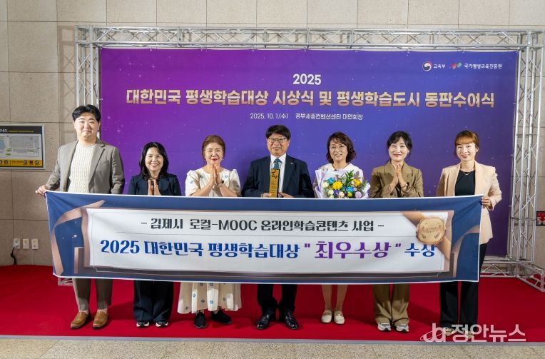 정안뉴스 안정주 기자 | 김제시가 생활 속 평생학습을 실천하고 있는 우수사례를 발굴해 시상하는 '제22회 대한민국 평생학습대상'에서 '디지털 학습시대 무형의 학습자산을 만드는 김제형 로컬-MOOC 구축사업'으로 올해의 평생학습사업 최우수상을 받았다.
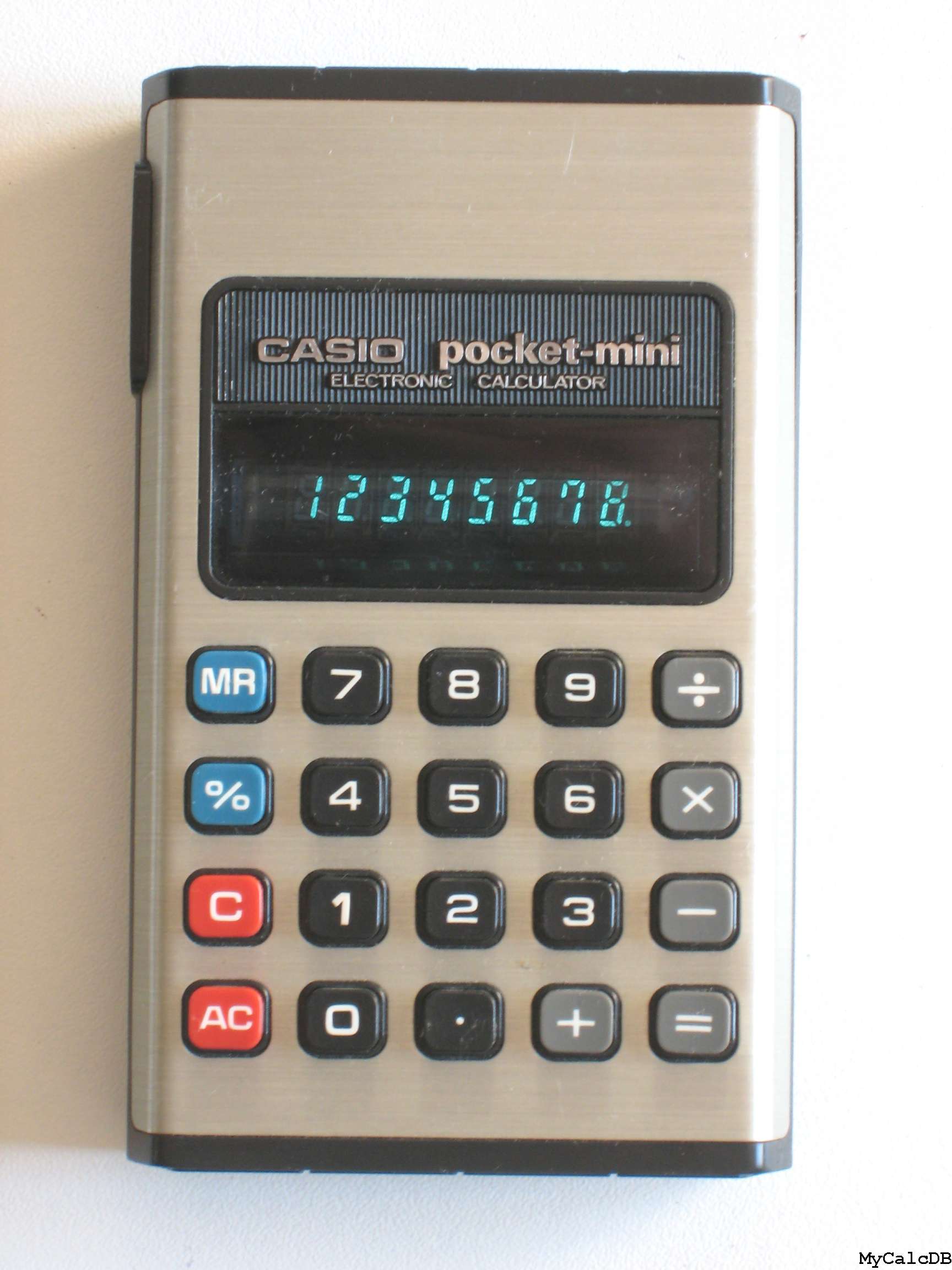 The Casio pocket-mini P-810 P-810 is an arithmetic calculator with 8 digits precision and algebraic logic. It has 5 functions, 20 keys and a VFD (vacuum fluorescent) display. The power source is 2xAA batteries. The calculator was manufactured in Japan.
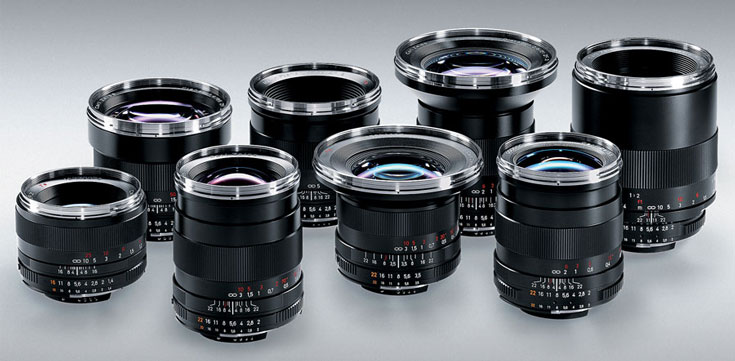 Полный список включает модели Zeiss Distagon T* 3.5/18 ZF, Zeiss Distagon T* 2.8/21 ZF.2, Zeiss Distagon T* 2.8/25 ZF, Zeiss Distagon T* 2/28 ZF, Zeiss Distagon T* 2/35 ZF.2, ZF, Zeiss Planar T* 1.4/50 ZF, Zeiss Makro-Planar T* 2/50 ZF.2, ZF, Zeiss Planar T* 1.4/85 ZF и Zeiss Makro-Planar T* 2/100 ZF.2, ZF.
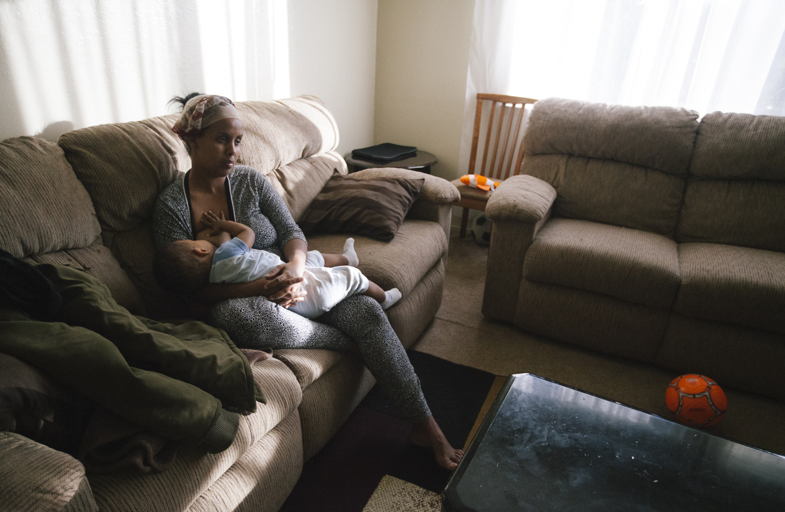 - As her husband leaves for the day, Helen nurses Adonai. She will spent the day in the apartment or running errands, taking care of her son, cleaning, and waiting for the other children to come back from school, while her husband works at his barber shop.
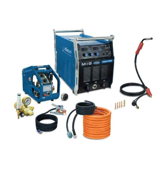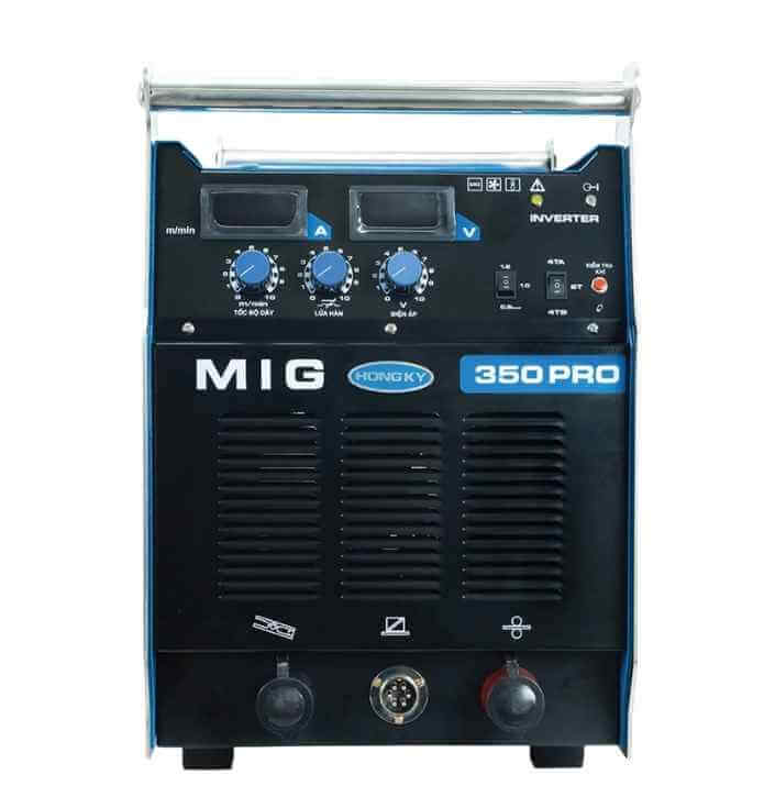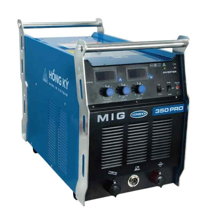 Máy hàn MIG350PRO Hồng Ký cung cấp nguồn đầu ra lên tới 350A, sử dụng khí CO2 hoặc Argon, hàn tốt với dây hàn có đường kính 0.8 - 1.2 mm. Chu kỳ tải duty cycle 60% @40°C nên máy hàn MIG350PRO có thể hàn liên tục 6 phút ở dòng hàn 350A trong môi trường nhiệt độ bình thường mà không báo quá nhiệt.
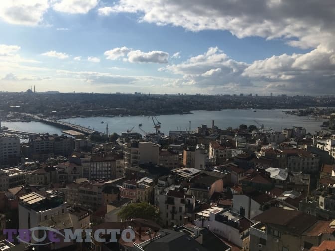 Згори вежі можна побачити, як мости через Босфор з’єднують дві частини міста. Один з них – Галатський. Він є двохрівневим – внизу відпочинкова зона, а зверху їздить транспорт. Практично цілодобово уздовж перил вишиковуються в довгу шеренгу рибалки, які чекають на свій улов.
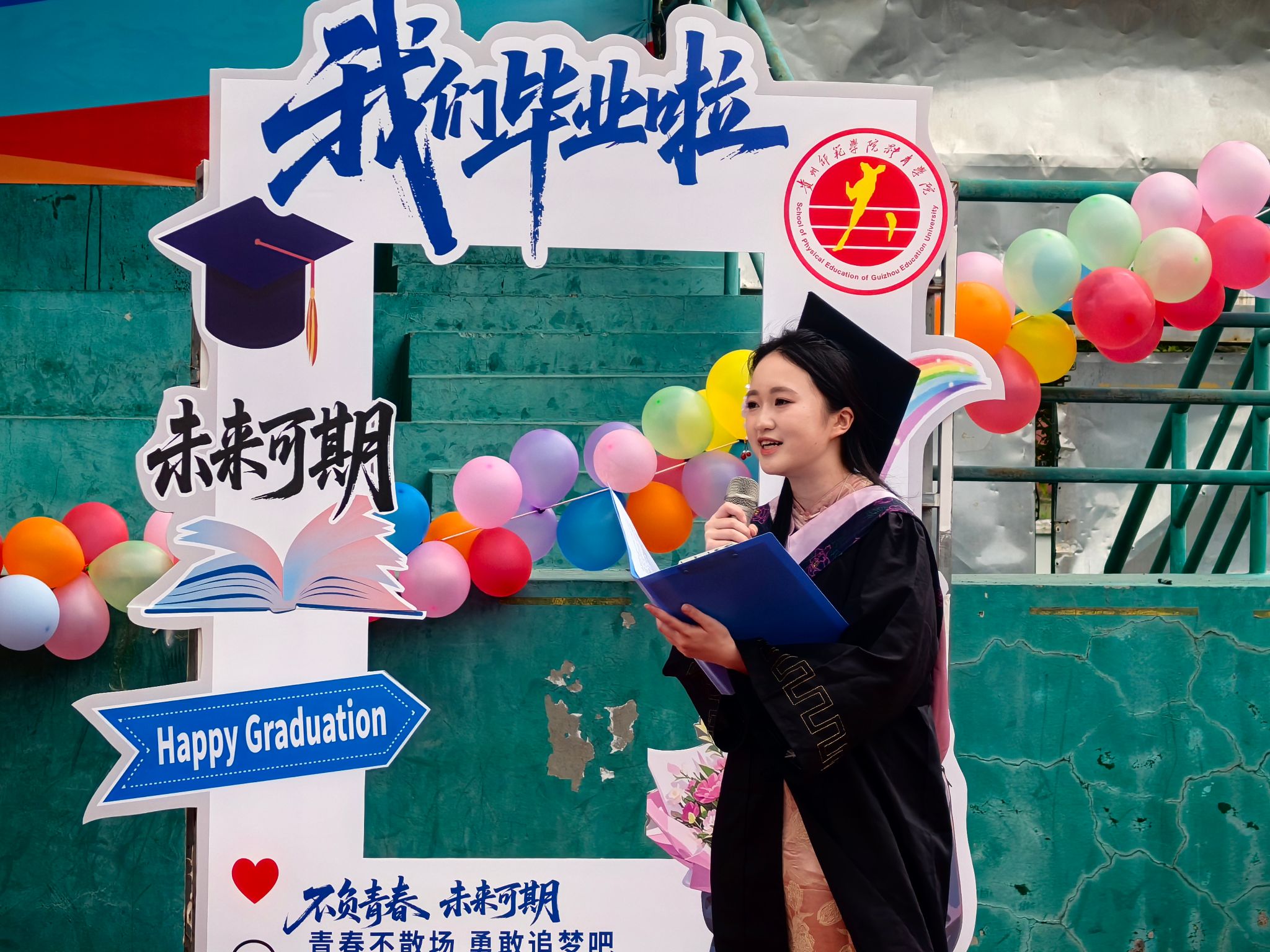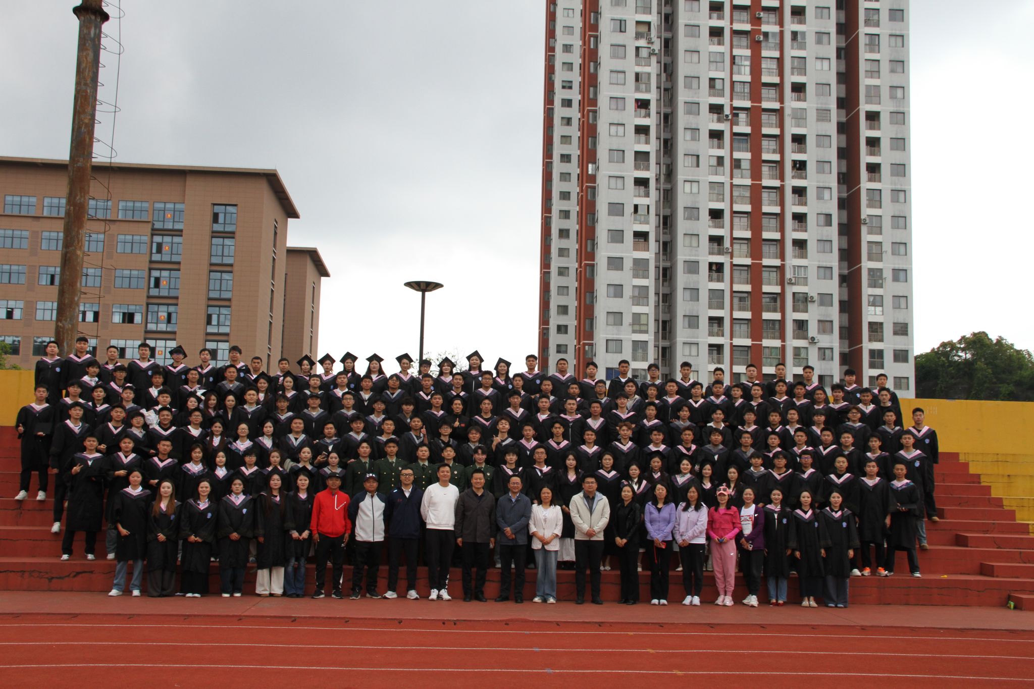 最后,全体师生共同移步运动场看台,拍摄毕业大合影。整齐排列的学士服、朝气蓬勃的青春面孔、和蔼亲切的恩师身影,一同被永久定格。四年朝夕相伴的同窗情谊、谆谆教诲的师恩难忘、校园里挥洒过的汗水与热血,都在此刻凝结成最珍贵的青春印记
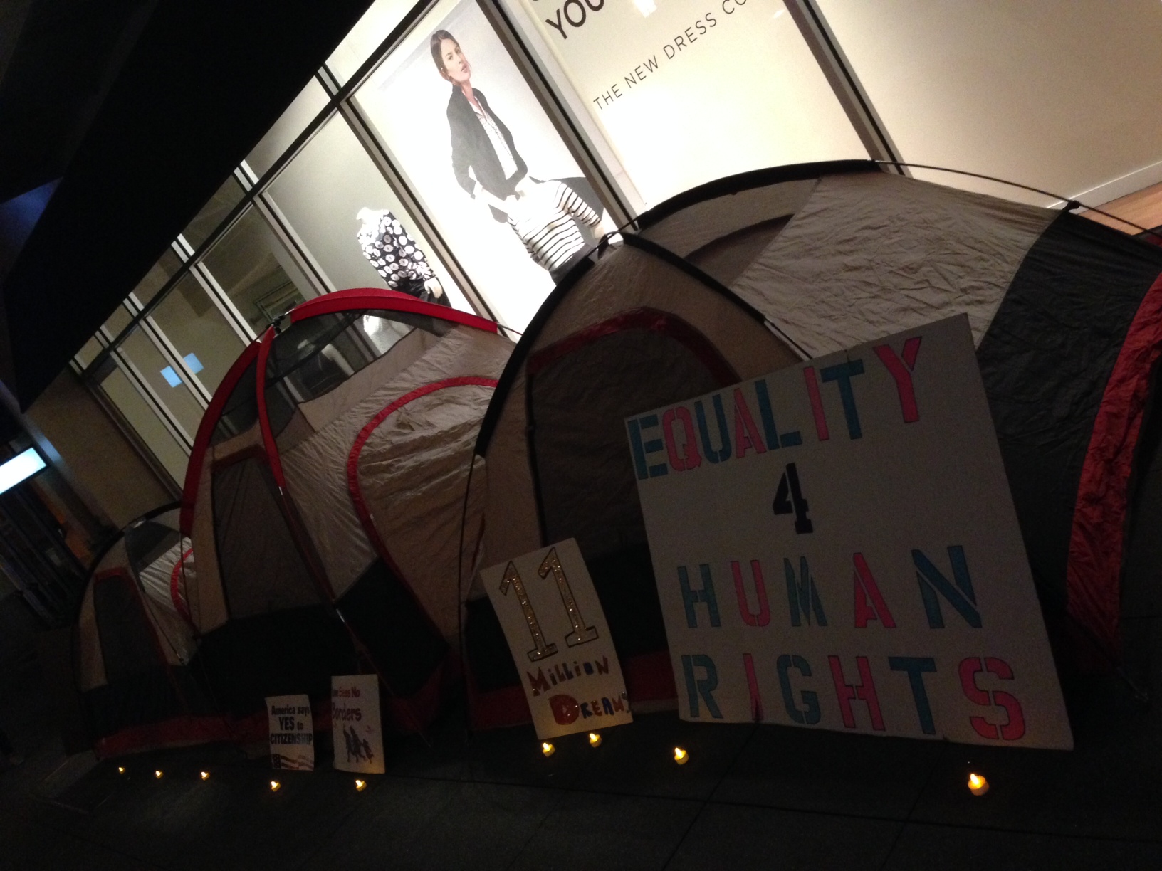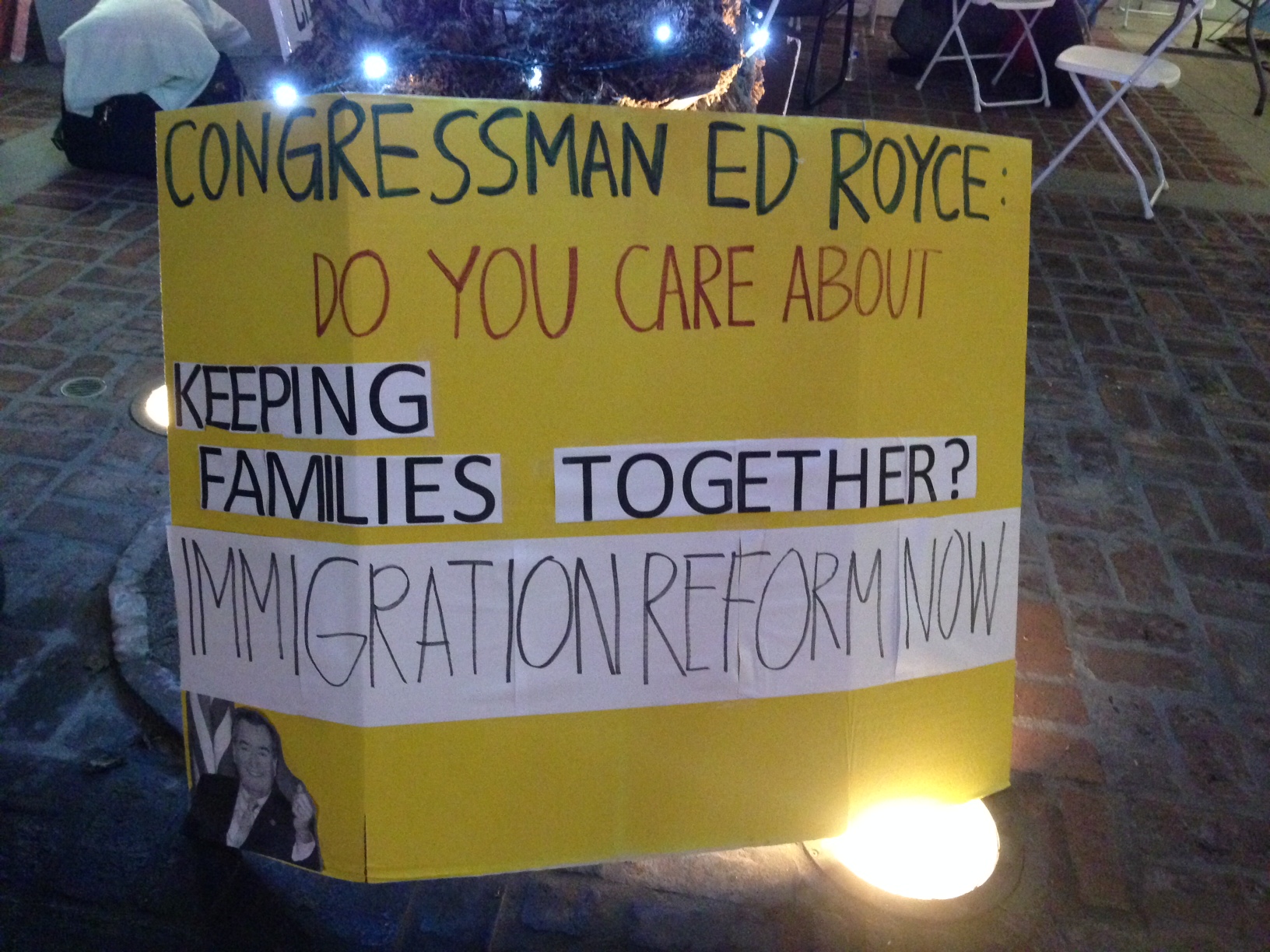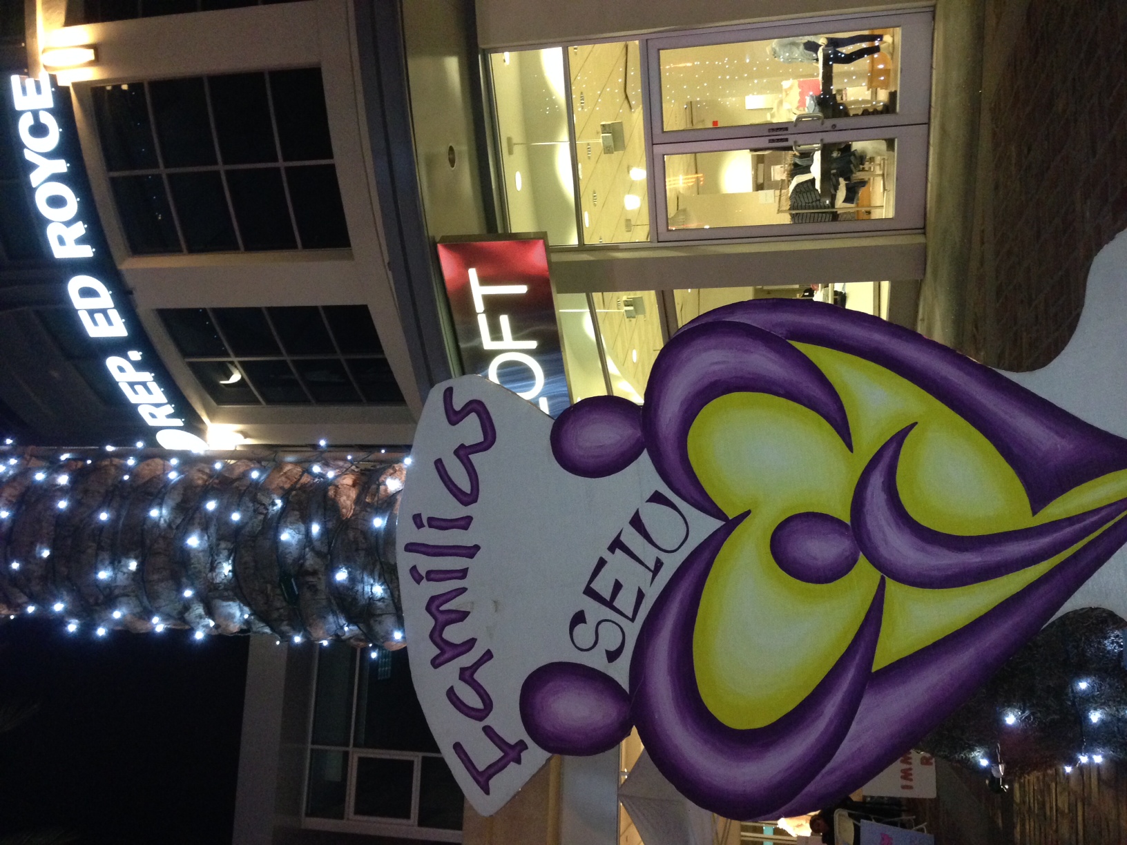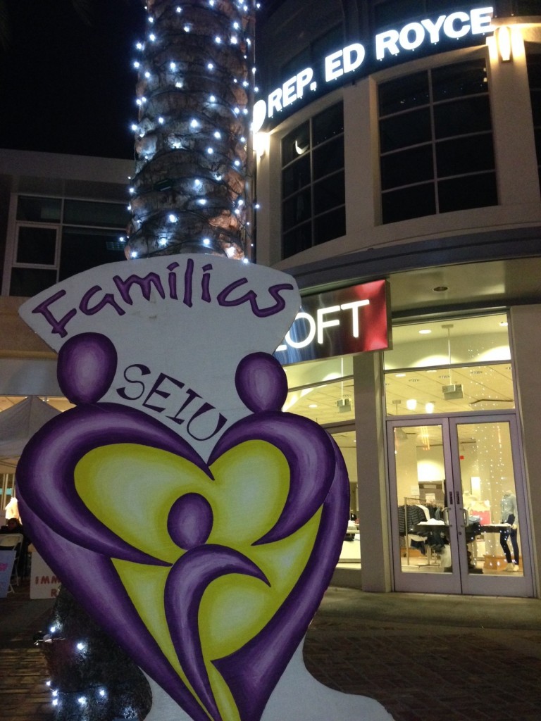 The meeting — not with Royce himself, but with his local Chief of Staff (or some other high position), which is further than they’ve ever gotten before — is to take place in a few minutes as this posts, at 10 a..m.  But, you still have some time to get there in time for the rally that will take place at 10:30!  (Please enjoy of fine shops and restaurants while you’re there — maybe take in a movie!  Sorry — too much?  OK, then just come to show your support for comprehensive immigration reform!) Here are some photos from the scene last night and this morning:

————

* _ASSIGNMENT_: Reproduce the data above word for word and omit the images.

* _RESPONSE TO THIS TASK_:
 정안뉴스 안정주 기자 | 김제시가 생활 속 평생학습을 실천하고 있는 우수사례를 발굴해 시상하는 '제22회 대한민국 평생학습대상'에서 '디지털 학습시대 무형의 학습자산을 만드는 김제형 로컬-MOOC 구축사업'으로 올해의 평생학습사업 최우수상을 받았다.
 The Casio pocket-mini P-810 P-810 is an arithmetic calculator with 8 digits precision and algebraic logic. It has 5 functions, 20 keys and a VFD (vacuum fluorescent) display. The power source is 2xAA batteries. The calculator was manufactured in Japan.
 Полный список включает модели Zeiss Distagon T* 3.5/18 ZF, Zeiss Distagon T* 2.8/21 ZF.2, Zeiss Distagon T* 2.8/25 ZF, Zeiss Distagon T* 2/28 ZF, Zeiss Distagon T* 2/35 ZF.2, ZF, Zeiss Planar T* 1.4/50 ZF, Zeiss Makro-Planar T* 2/50 ZF.2, ZF, Zeiss Planar T* 1.4/85 ZF и Zeiss Makro-Planar T* 2/100 ZF.2, ZF.
 - As her husband leaves for the day, Helen nurses Adonai. She will spent the day in the apartment or running errands, taking care of her son, cleaning, and waiting for the other children to come back from school, while her husband works at his barber shop.
 Máy hàn MIG350PRO Hồng Ký cung cấp nguồn đầu ra lên tới 350A, sử dụng khí CO2 hoặc Argon, hàn tốt với dây hàn có đường kính 0.8 - 1.2 mm. Chu kỳ tải duty cycle 60% @40°C nên máy hàn MIG350PRO có thể hàn liên tục 6 phút ở dòng hàn 350A trong môi trường nhiệt độ bình thường mà không báo quá nhiệt.
 Згори вежі можна побачити, як мости через Босфор з’єднують дві частини міста. Один з них – Галатський. Він є двохрівневим – внизу відпочинкова зона, а зверху їздить транспорт. Практично цілодобово уздовж перил вишиковуються в довгу шеренгу рибалки, які чекають на свій улов.
 最后,全体师生共同移步运动场看台,拍摄毕业大合影。整齐排列的学士服、朝气蓬勃的青春面孔、和蔼亲切的恩师身影,一同被永久定格。四年朝夕相伴的同窗情谊、谆谆教诲的师恩难忘、校园里挥洒过的汗水与热血,都在此刻凝结成最珍贵的青春印记
 The meeting — not with Royce himself, but with his local Chief of Staff (or some other high position), which is further than they’ve ever gotten before — is to take place in a few minutes as this posts, at 10 a..m.  But, you still have some time to get there in time for the rally that will take place at 10:30!  (Please enjoy of fine shops and restaurants while you’re there — maybe take in a movie!  Sorry — too much?  OK, then just come to show your support for comprehensive immigration reform!) Here are some photos from the scene last night and this morning:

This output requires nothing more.